OnePlus OxygenOS & HydrogenOS Will Continue To Coexist

By on Sep 30, 2016 in Mobile Design | 0 comments

As recent history lets us know, the original OnePlus One was initially powered by CyanogenMod 11S in collaboration with Cyanogen Inc. but eventually OnePlus decided to switch gears and develop its own in-house mobile operating system for future models. In fact, OnePlus has developed two versions of Android for different markets, and while most OnePlus owners around the world have experienced their devices running OxygenOS, customers in China have been treated with HydrogenOS: a custom version of Android with a heavily modified user interface. Now, earlier this month OnePlus confirmed that its two ongoing Android platforms will merge in order to bring OS update release timeframes closer, and since then many OnePlus customers have been wondering if the company will maintain a user interface closer to stock Android, or adopt the ways of HydrogenOS entirely.

The answer to these questions was provided by OnePlus in a recent Reddit AMA (Ask-Me-Anything) which clarified the company’s plans for its custom operating systems. Specifically, the merger of OxygenOS and HydrogenOS will not result in a single operating system across all OnePlus devices, but instead, the company will keep both versions separate, at least as far as appearances are concerned. This means that although the company will continue to merge the backend of the two operating systems, the overall look and feel of OxygenOS and HydrogenOS will remain different. According to OnePlus “We[‘ve] combined platform, system and framework already. Application layer is separated. So, global users will still have the Oxygen experience and users in China will have Hydrogen experience.”

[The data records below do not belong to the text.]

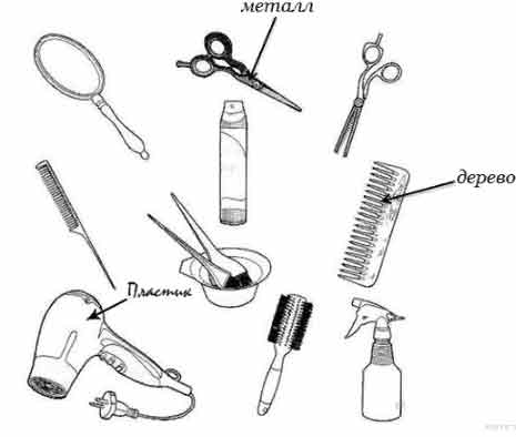Внимательно рассмотри рисунки предметов. Это изображения инструментов и принадлежностей парикмахера. Стрелкой с надписью «пластик» отмечен фен, который может быть сделан из этого материала. По образцу отметь любой предмет (или его часть), который может быть сделан из метала и любой предмет, который может быть сделан из дерева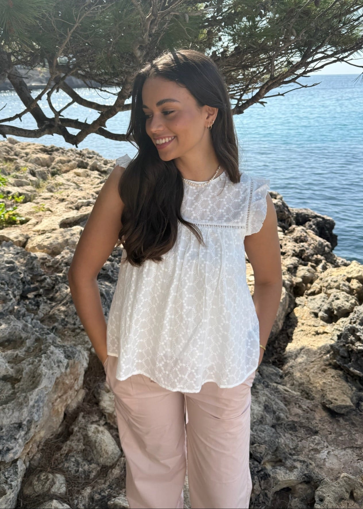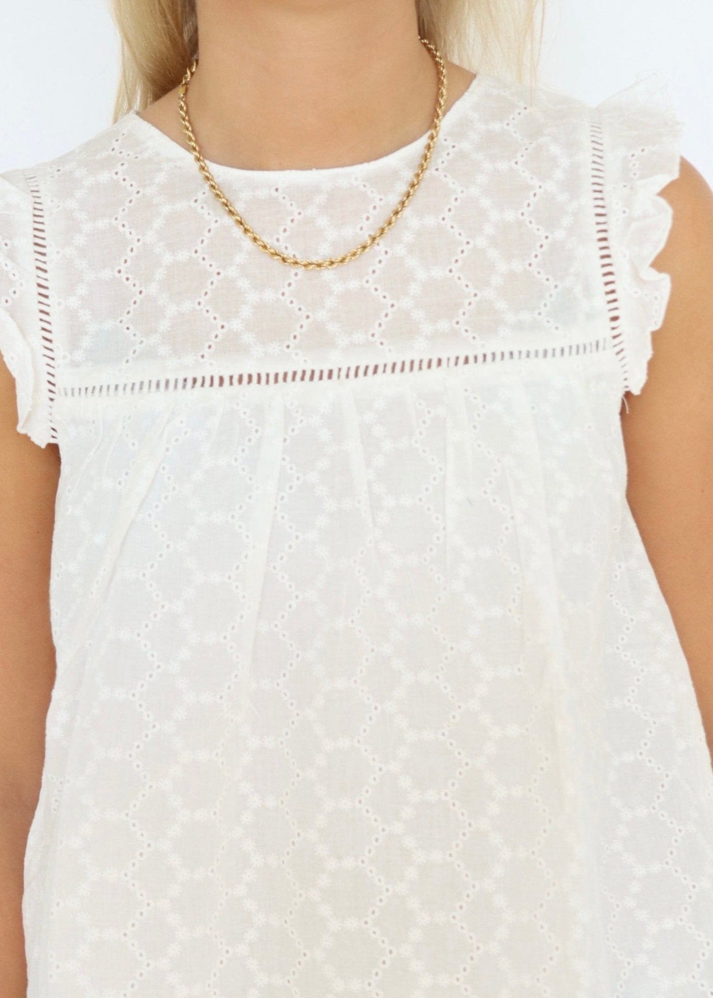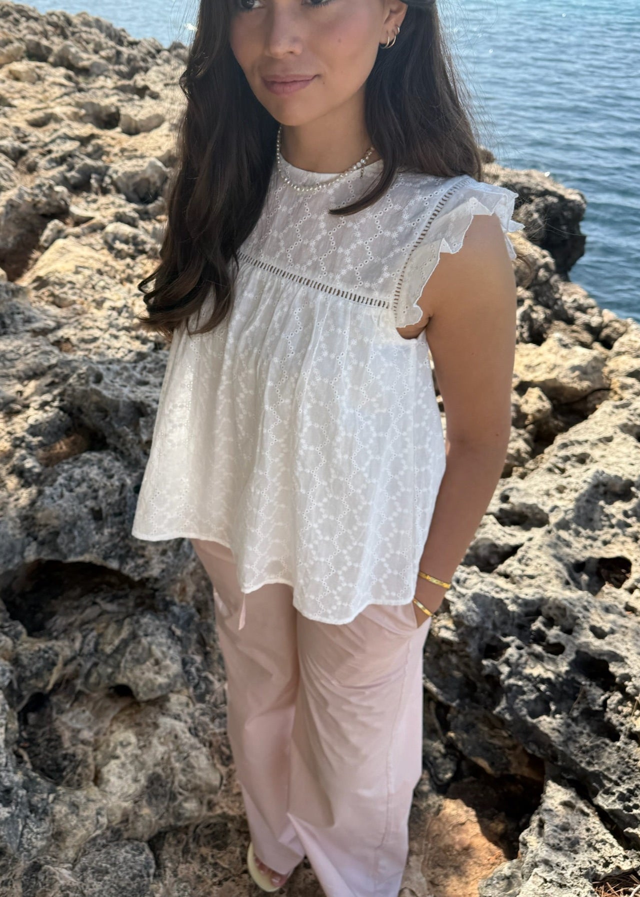 Vores fine hvide Signe Top er den perfekte top til sommeren. Den er let og yndig og har desuden en masse fine og elegante detaljer. Toppen har en høj halsudskæring samt fine detaljer ved ærmerne☀️🌸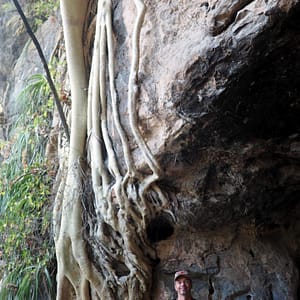 Z domu sa po čajíku a koláčikoch, ktoré sme si včera prefíkane nakúpili vyberieme ku stanici č. 1. Berie nás minibus – vyhliadková jazda. Zbierame pasažierov opačným smerom – strmými uličkami a prašnými cestami. Auto ku jaskyni ide až o 45 minút, tak si nakúpime proviant. Džúsik s kaktusmi, banány a pivo Corona v lekárni za lepšiu cenu ako v bežných obchodoch (Oxxo). U babky pred stanicou si objednáme dve quesadilly s cecinou – tenký hovädzí rezník na grile. A už je tu náš spoj. Trošku sa vyplašíme ale ideme mu povedať, že čakáme ešte na babku a jej jedlo. Minibus nás naloží, k tomu ešte jednu tehošku a ani nečaká, že by sa zaplnil. Fujazdíme zatáčkami s otvorenými dverami a okienkami. Vonku pečie slnko, no vo vnútri je príjemne. Po skoro hodine sme za 80Pesos vyhodení pred jaskyňou. Kupujeme lístky (2×80) a akurát vpúšťajú dnu na 13:00.
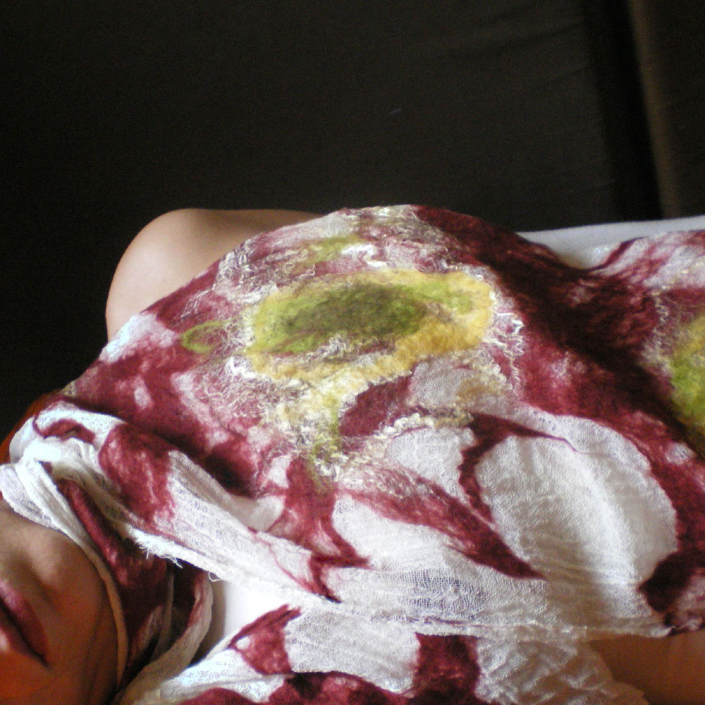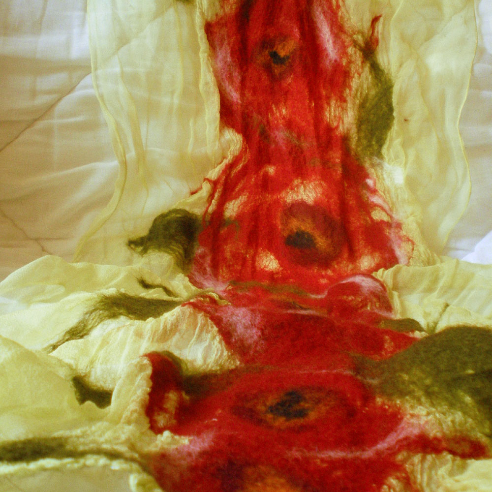 nuno felted scarf -painting and kissing-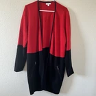 Charter club Women’s Longline Cardigan XL Red Black Dressy Church Work Office in great condition/ stretchy/ zip pockets / color lock red and black 21” across pits 33” length 31” sleeve from neck Approximate measurements All final sale #90 Dressy church work office business career wear teacher party Holiday Christmas party

In other words, the goal of merging the backend of the two operating systems is to allow the company to bring software updates to both platforms sooner and roughly at the same time, and continue to support the two OS versions on a plain field. However, it appears that these changes will not affect the design philosophies behind the user interface of each OS version, so we can expect OxygenOS to continue and offer a near-stock Android experience sprinkled with useful custom additions and features from OnePlus. On the other hand, HydrogenOS will probably remain a more heavily-modified version of Android, at least on the face of it, and will continue to appeal to the Chinese market.